The summary.naive function obtains the subgroup treatment effects and their confidence intervals given an object of class naive.

In a naive object we have an element which already has the information of the estimated treatment effects (obtained from each one of the models fitted on the subgroup data). To obtain the boundaries of the confidence interval we just have to consider the standard error of these estimated treatment effects and the needed normal quantile. In the case of survival data we are going to use the exponential function in order to show hazard ratios.

summary.elastic_net

The summary.elastic_net function obtains the subgroup treatment effects given an object of class elastic_net.

We first have to obtain the estimated coefficients of the fitted model given a value of lambda (the default one is minimizes the cross validation error). After that, if our data is binary we just have to call subgroups with the information in the elastic_net object. If we have survival data then we first have to obtain the cumulative baseline hazard. To do so we first sort the response time, we predict the values of the regression model in the log hazard scale and then we compute the Breslow estimator of the cumulative baseline hazard. In the end we are just going to consider the values of this cumulative baseline hazard in the event time points (the time points where an event happened) that are smaller than a value L (by default it is just going to be the maximum of the event time points). Once that we have the cumulative baseline hazard h0 we can call the function subgroups to obtain the treatment estimates. We can also specify the parameter gamma (it defines the weights to obtain the average hazard ratio). Default is 1 (in this case the average hazard ratio obtained can be interpreted as the odds of concordance).

summary.horseshoe

The summary.horseshoe function obtains the estimated posterior distribution of the treatment effects and summarizes its information establishing the median of this distribution as the estimated treatment effect and using the quantiles to define a credible interval.

We first have to call trt_horseshoe to obtain the samples from the estimated posterior distribution of the treatment effects and then for each one of the subgroups we obtain the median and the correspondent quantiles of the samples to obtain the estimated subgroup treatment effects and the bounds of the credible intervals.

With the print function we are going to show the important section of the summary of a fitted object.

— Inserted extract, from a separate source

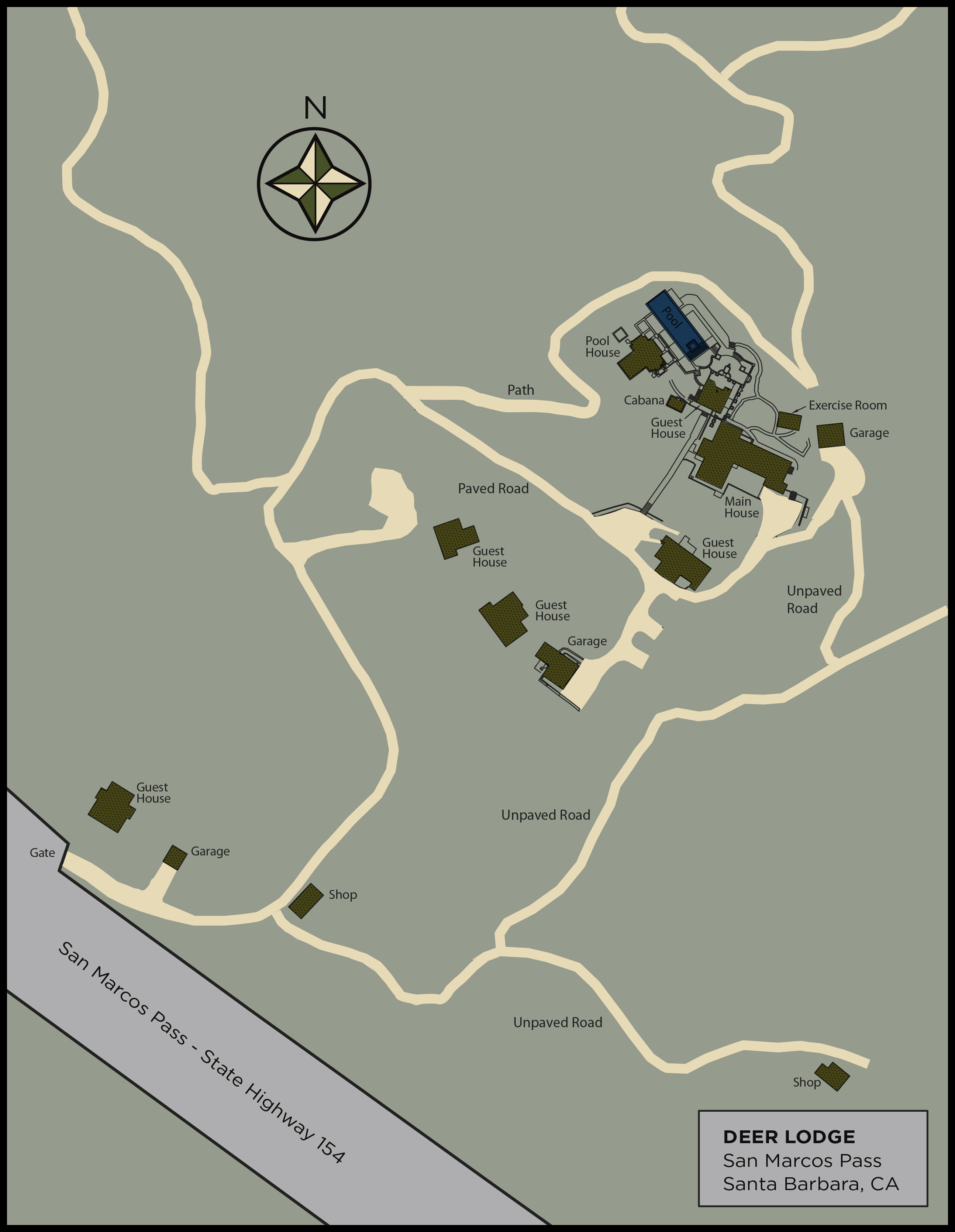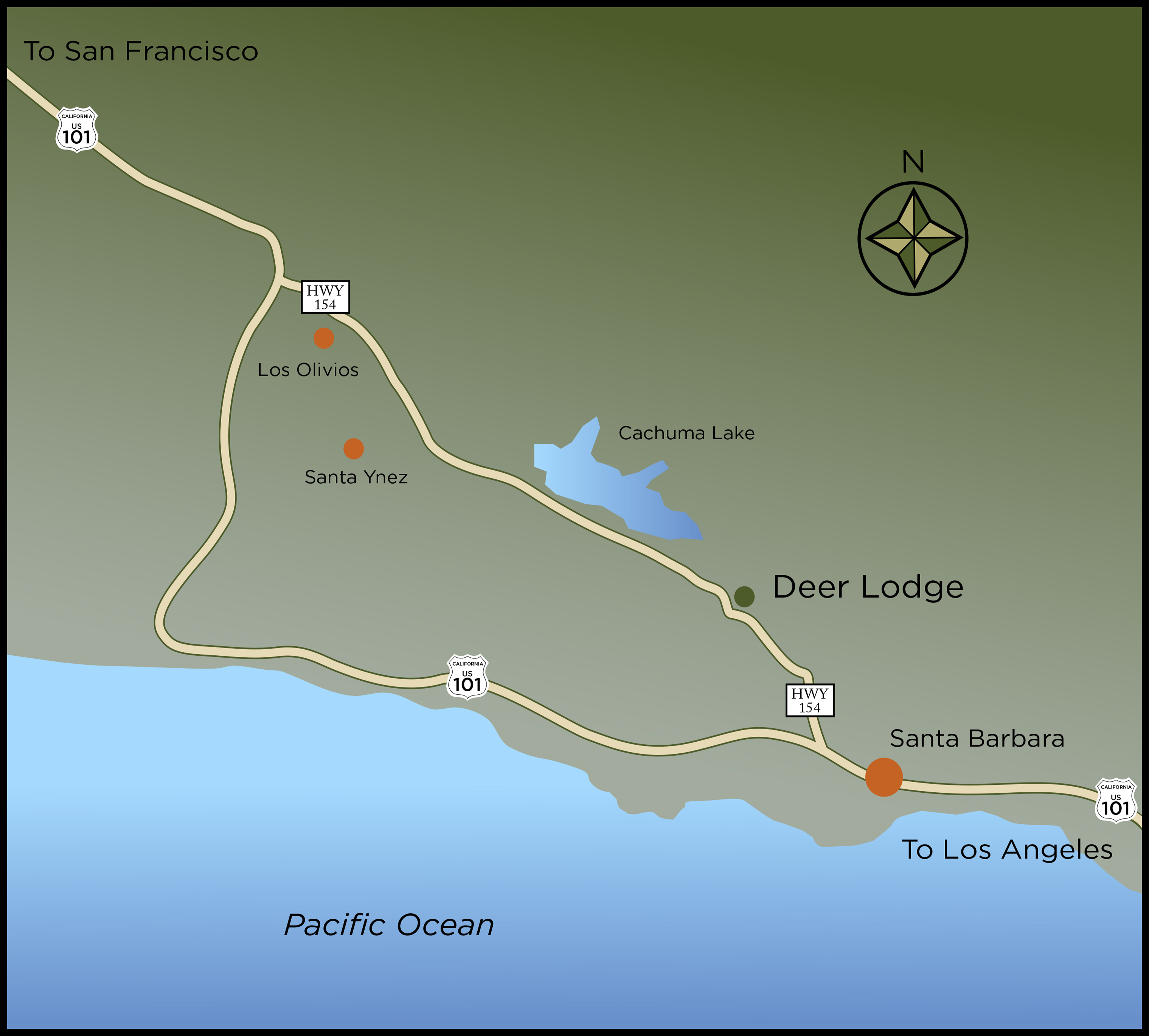 Halfway between the idyllic beaches of Santa Barbara and the acclaimed Santa Ynez Valley wine region, at the crest of San Marcos Pass is approximately 187 acres of oak woodlands that make up the enchanting Deer Lodge, a magical and historic family compound like no other. Originally purchased in 1893, the property has an impressive pedigree of ownership including the John Deere family for seven decades.

The print.summary.naivepop function is used to print the important information of the summary of a naivepop object.

It prints the overall treatment effect estimate.

The print.summary.naive function is used to print the important information of the summary of a naive object.

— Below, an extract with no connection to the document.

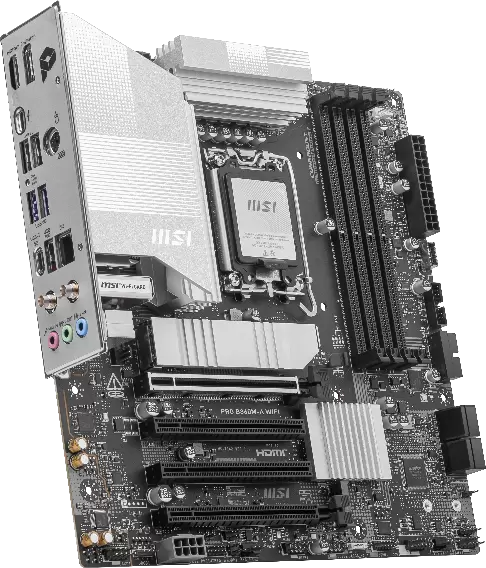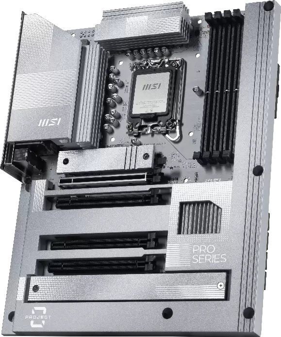 微星PRO 系列旨在满足从工作、商务到日常计算的多样化用户需求。其采用简约的银色设计,配备强健的12路智能供电,为Intel台式机处理器提供可靠的性能支持。

It prints the subgroups, the subgroup treatment effect estimates and the bounds of the credible intervals for them.

The print.summary.elstic_net function is used to print the important information of the summary of a elastic_net object.

It prints the subgroups and the subgroup treatment effect estimates.

The print.summary.horseshoe function is used to print the important information of the summary of a horseshoe object.

It prints the subgroups, the subgroup treatment effect estimates and the bounds of the credible intervals for them.

Plot functions

With the plot function we are going to obtain the forest plot of the summary of a fitted object.

plot.summary.naive

The plot.summary.naive function is used to plot the forest plot of a naive object.

plot.summary.elastic_net

The plot.summary.elastic_net function is used to plot the forest plot of a elastic_net object.

plot.summary.horseshoe

The plot.summary.horseshoe function is used to plot the forest plot of a horseshoe object.

compareplot

The compareplot function is used to create a forest plot with all the methods fitted in the data to obtain the subgroup treatment effects.

The arguments of the function have to be summaries of bonsaiforest objects, i.e, objects of class summary.naivepop, summary.naive, summary.elastic_net or summary.horseshoe.

These objects have the treatment effect estimates and the bounds of the credible or confidence intervals (when it applies). We plot them with the shape of a forest plot and if the summary.naivepop object is included in the arguments we add a vertical line indicating the overall treatment effect.